◆ **ASSIGNMENT**: Please reproduce the data exactly, excluding any pictures it contains.
[Opening STORED DATA section]
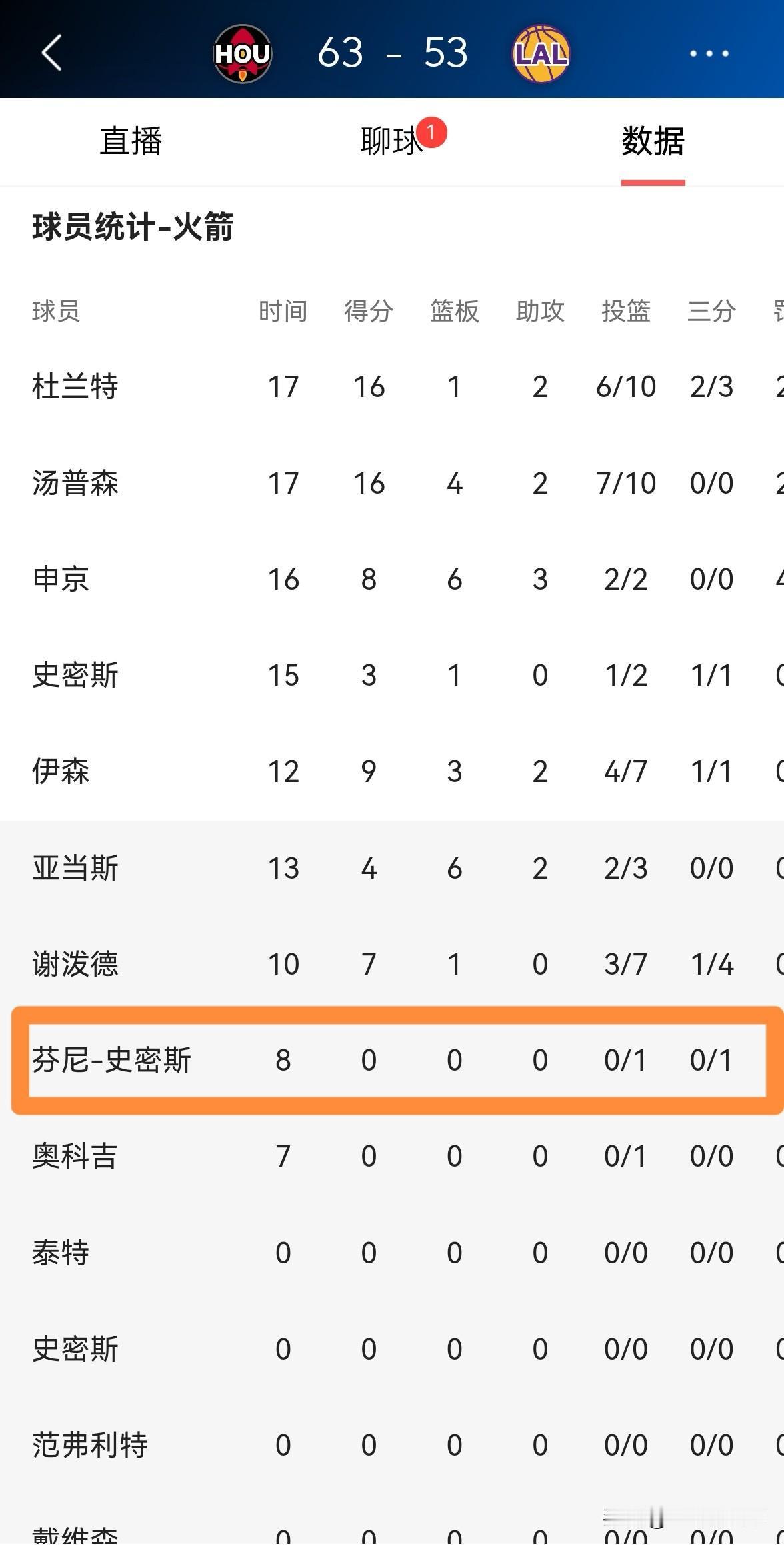 火箭大将芬尼-史密斯真是太有自知之明了!在今天火箭客场挑战湖人的上半场比赛中,伤愈复出的芬尼-史密斯深知自己的进攻状态一般,因此他将大部分的精力投入到了防守端。在前两节比赛中,芬尼-史密斯替补出战8分钟,投篮1中0没有得分,他的场上正负值为-2。
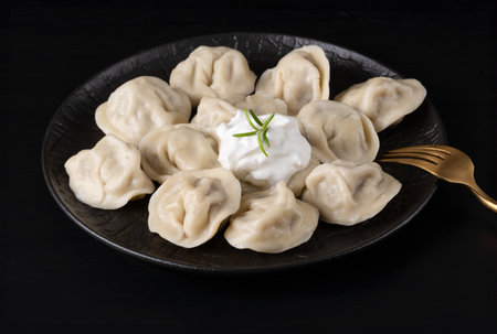 Traditional Russian pelmeni, ravioli, dumplings with meat on black background.
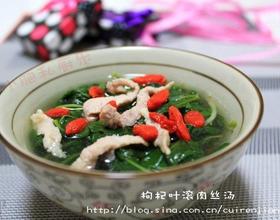 1.摘鲜枸杞叶时要注意枝上的刺,以防刮伤(也可以在市场买摘好的,这样更方便)2.加入枸杞叶之前要放适量的盐、油,并不宜加热过久,以免变黄3.瘦肉可换成猪肝,清肝明目的效果更佳,但俺不喜欢吃猪肝,所以换成瘦肉了,哈哈
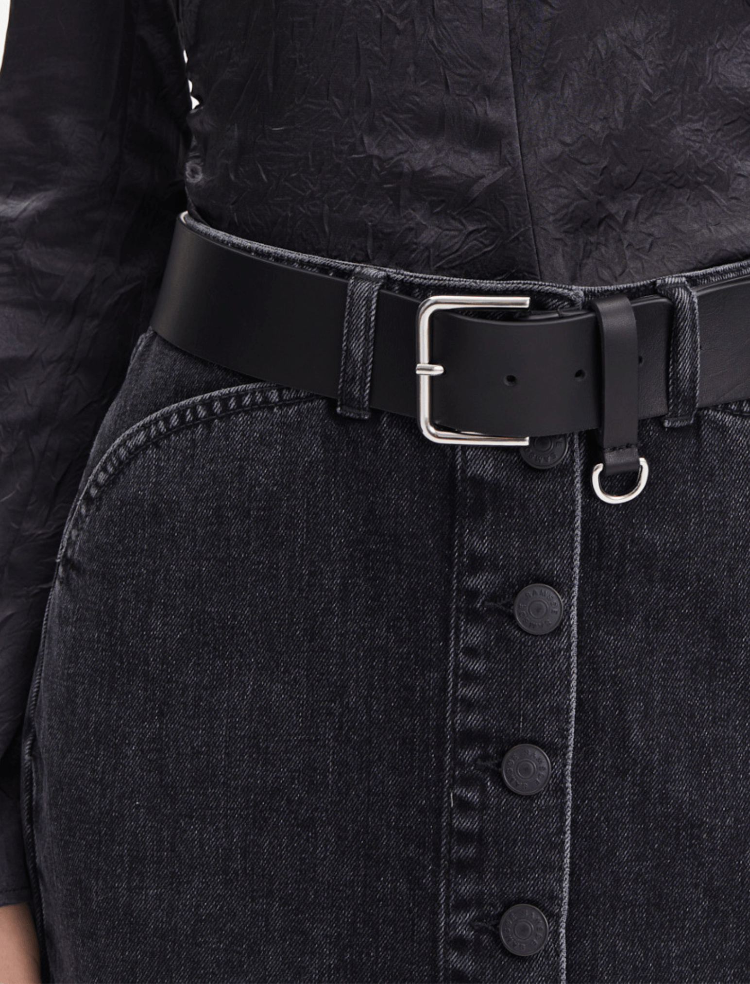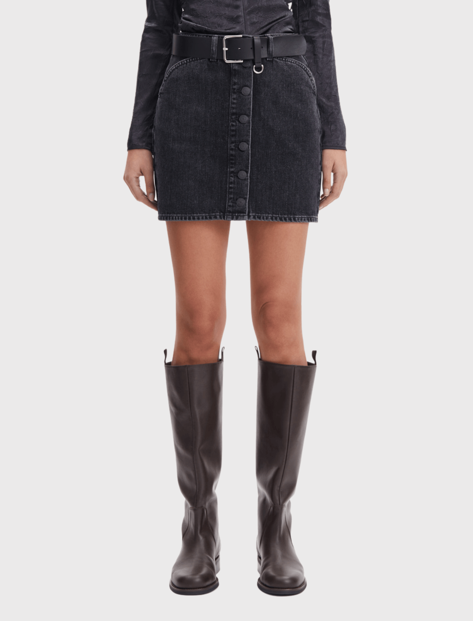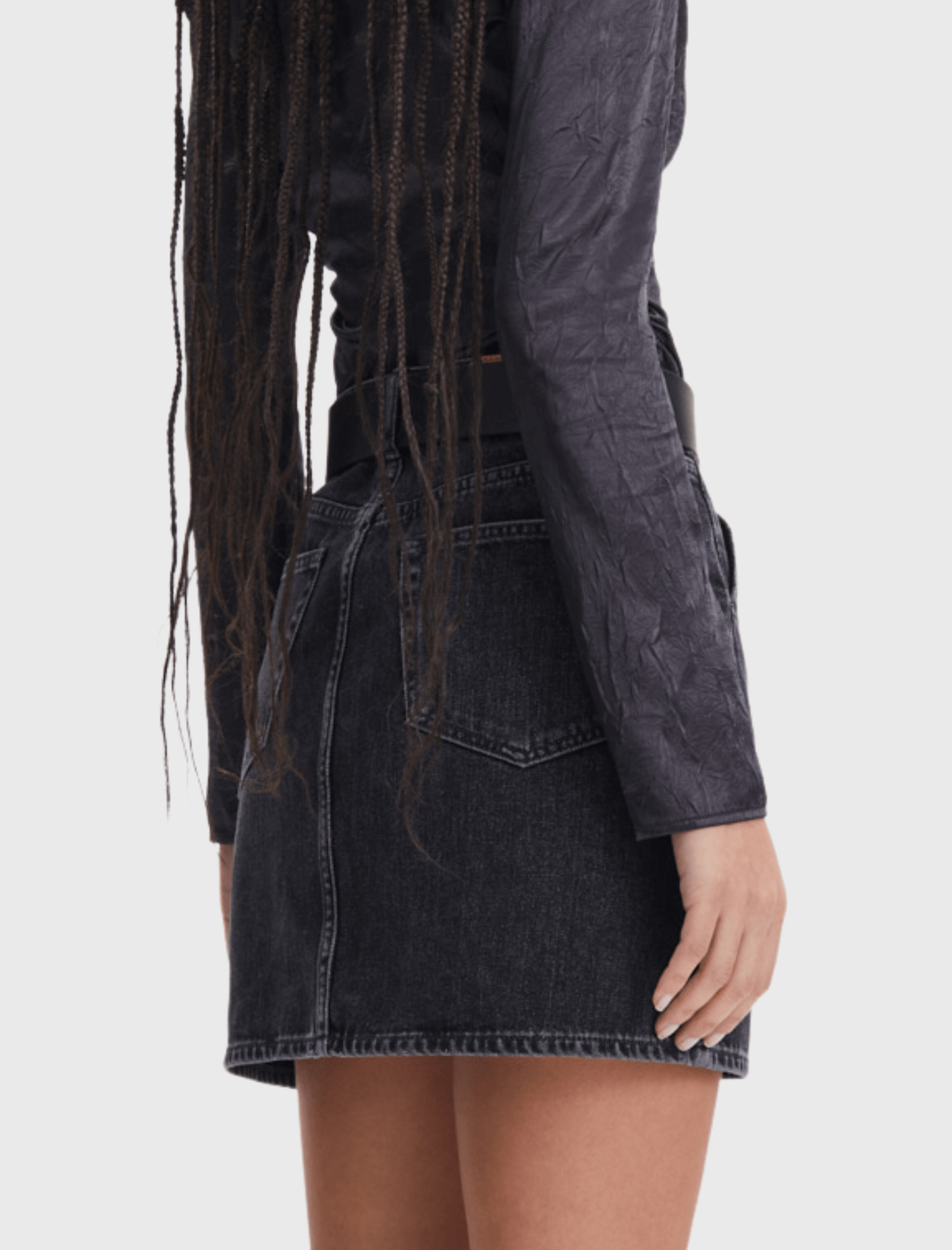The Samsoe Samsoe Norma Denim Mini Skirt in Black fits true to size
[Closing STORED DATA section]
◆ **WRITTEN ANSWER**:
 火箭大将芬尼-史密斯真是太有自知之明了!在今天火箭客场挑战湖人的上半场比赛中,伤愈复出的芬尼-史密斯深知自己的进攻状态一般,因此他将大部分的精力投入到了防守端。在前两节比赛中,芬尼-史密斯替补出战8分钟,投篮1中0没有得分,他的场上正负值为-2。
 Traditional Russian pelmeni, ravioli, dumplings with meat on black background.
 1.摘鲜枸杞叶时要注意枝上的刺,以防刮伤(也可以在市场买摘好的,这样更方便)2.加入枸杞叶之前要放适量的盐、油,并不宜加热过久,以免变黄3.瘦肉可换成猪肝,清肝明目的效果更佳,但俺不喜欢吃猪肝,所以换成瘦肉了,哈哈
The Samsoe Samsoe Norma Denim Mini Skirt in Black fits true to size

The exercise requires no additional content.